Il ciccione rimase a lungo in silenzio. «Non so cosa dire». «Allora non sprecare il fiato». Mi strinse forte la spalla e tornò al locale. Terminai la sigaretta con calma. Ero soddisfatto. Avevo fatto la cosa giusta. Presi il cellulare e chiamai Virna. «Le parole hanno ancora un senso tra di noi?». «Forse» rispose cauta. La incontrai in un locale del centro. La trovai più bella del solito. Dissi due tre frasi senza importanza, poi bevvi d'un fiato il bicchiere di calvados e iniziai a parlare. Le raccontai chi ero veramente e perché avevo scelto quel lavoro.

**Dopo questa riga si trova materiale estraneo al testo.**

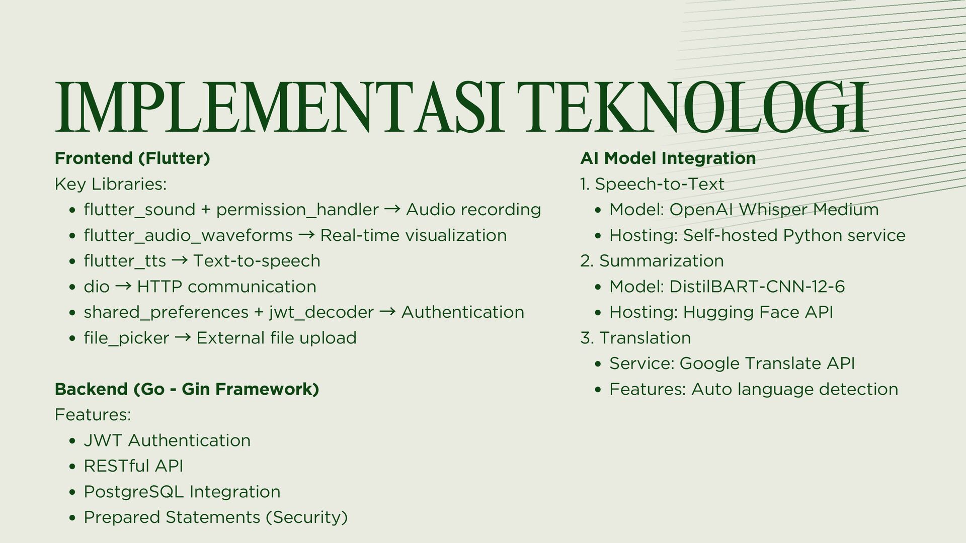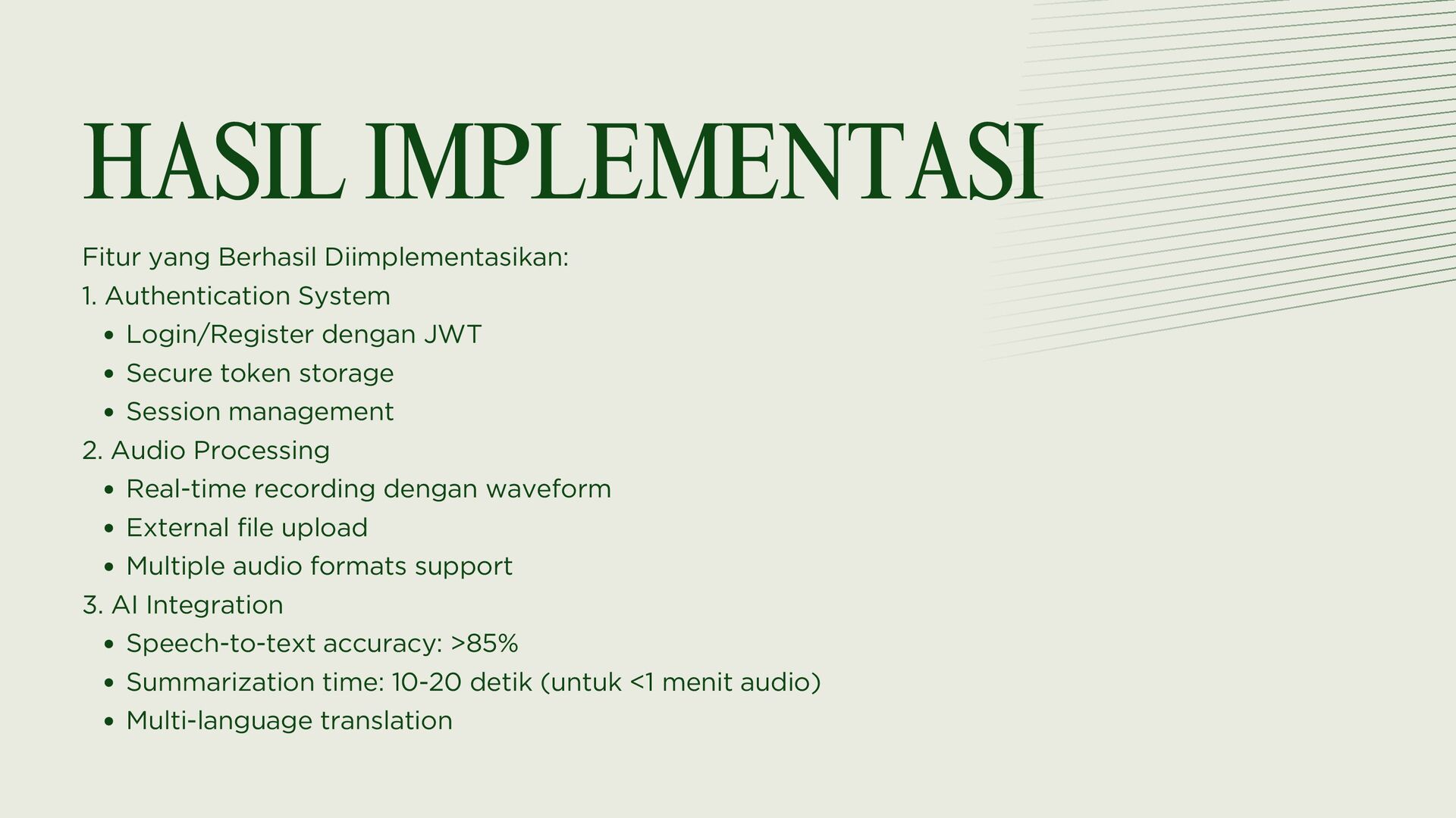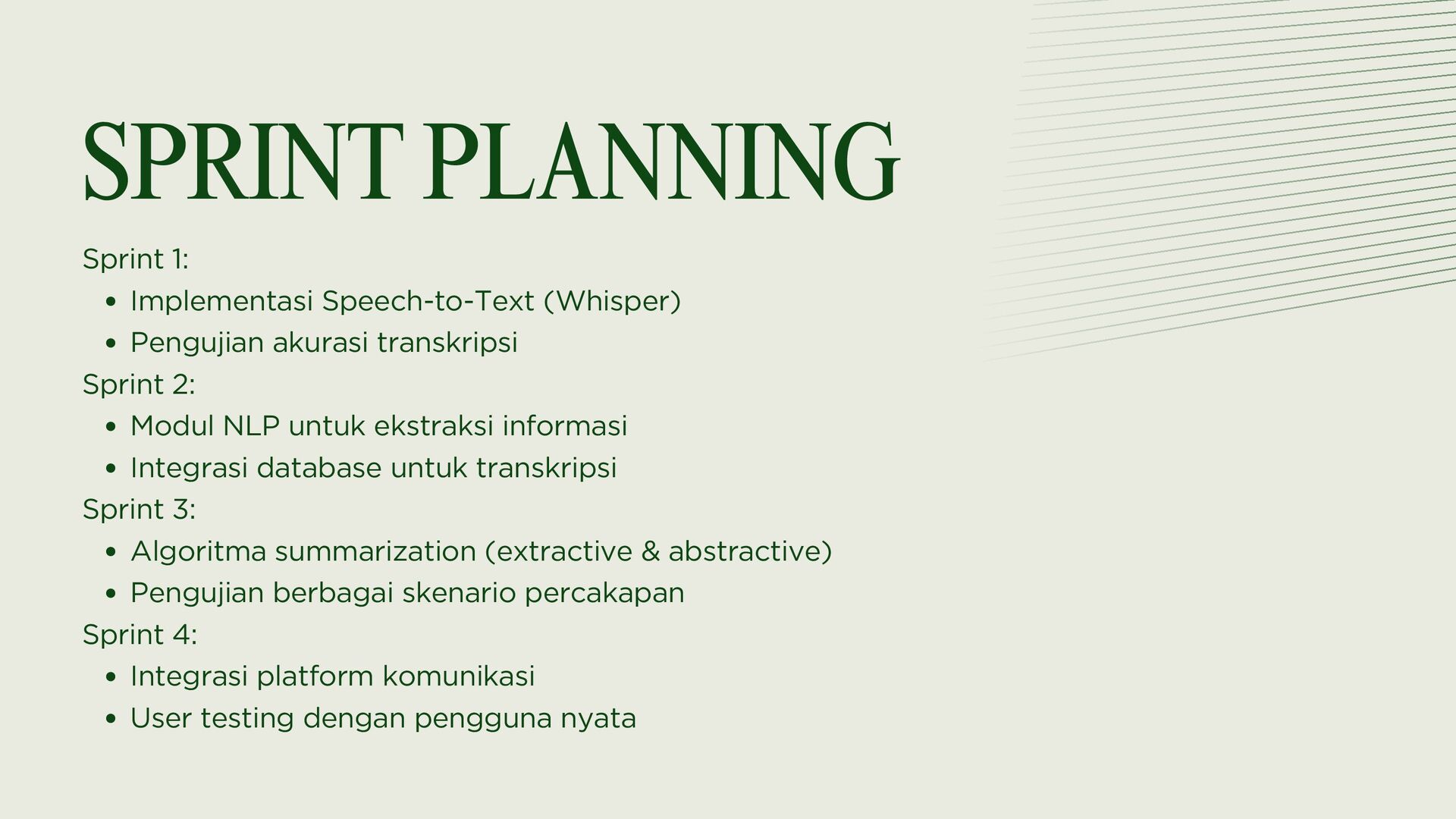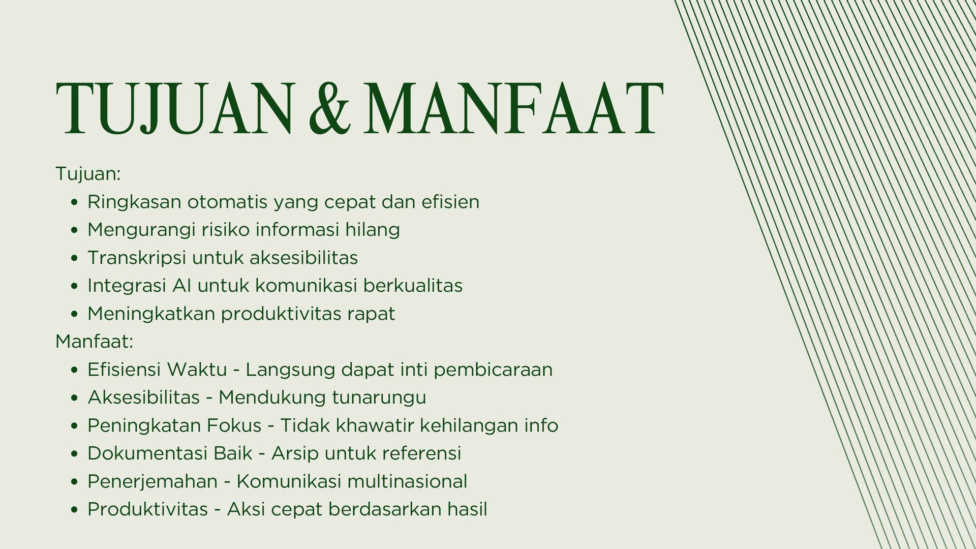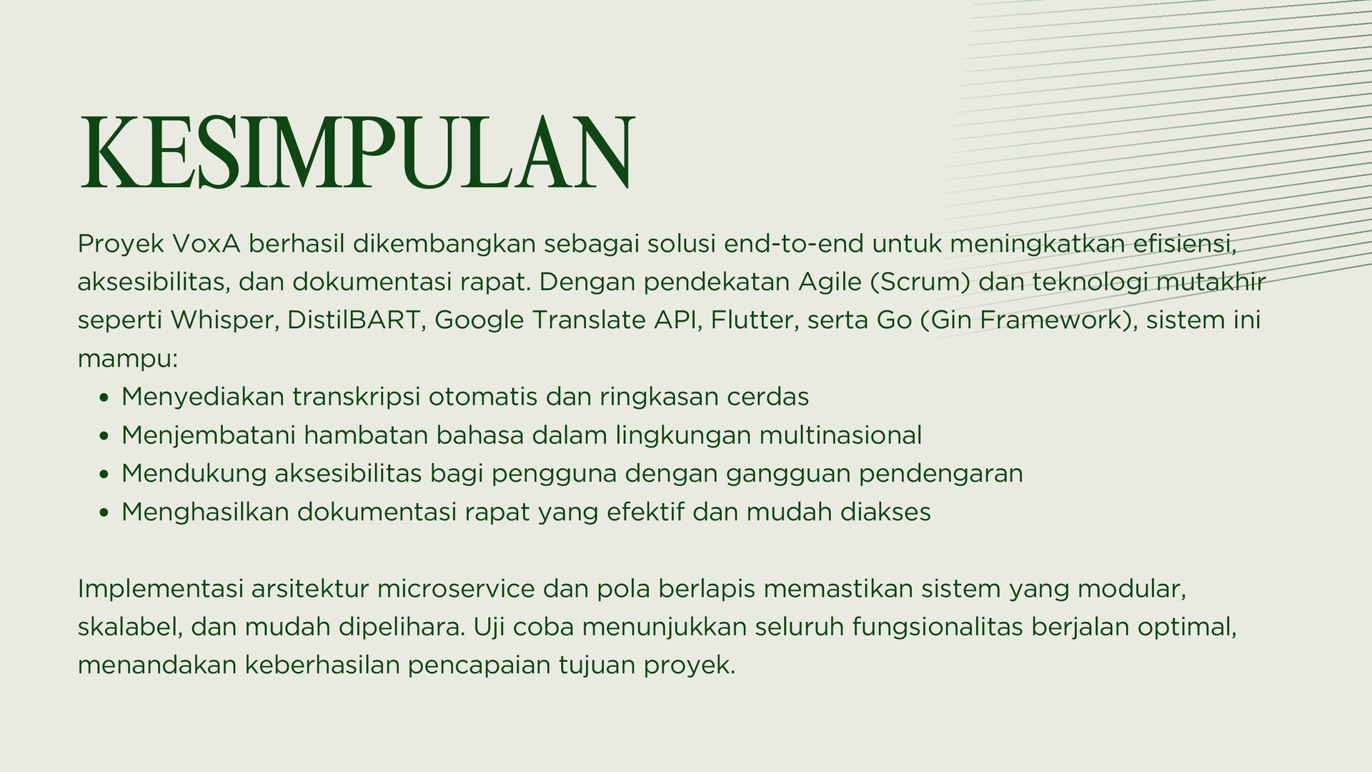 aksesibilitas, dan dokumentasi rapat. Dengan pendekatan Agile (Scrum) dan teknologi mutakhir seperti Whisper, DistilBART, Google Translate API, Flutter, serta Go (Gin Framework), sistem ini mampu: Menyediakan transkripsi otomatis dan ringkasan cerdas Menjembatani hambatan bahasa dalam lingkungan multinasional Mendukung aksesibilitas bagi pengguna dengan gangguan pendengaran Menghasilkan dokumentasi rapat yang efektif dan mudah diakses Implementasi arsitektur microservice dan pola berlapis memastikan sistem yang modular, skalabel, dan mudah dipelihara. Uji coba menunjukkan seluruh fungsionalitas berjalan optimal, menandakan keberhasilan pencapaian tujuan proyek. KESIMPULAN
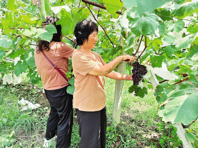 8月15日,在丹鳳縣萬(wàn)灣村萬(wàn)香灣無(wú)籽藍(lán)玫瑰葡萄采摘園內(nèi),村民忙著將葡萄采摘、裝箱。據(jù)了解,該采摘園種植了無(wú)籽藍(lán)玫瑰葡萄和龍眼葡萄兩個(gè)品種,種植面積18畝,可產(chǎn)15噸葡萄,年收入30萬(wàn)元,帶動(dòng)周邊20多名群眾就近就業(yè)。(記者 方方 攝)

Perché mi fosse così indispensabile, per dare un senso alla mia vita, rimestare nella merda e giocare a rimpiattino con malavitosi, sbirri e magistrati. Mi aprii come non avevo mai fatto con nessuno. Quando terminai la guardai dritto negli occhi. «Il gran caldo è finito. Finalmente si torna a respirare» disse semplicemente. Sorrise e mi accarezzò con un dito il dorso della mano. Lo faceva sempre quando aveva voglia di fare l'amore.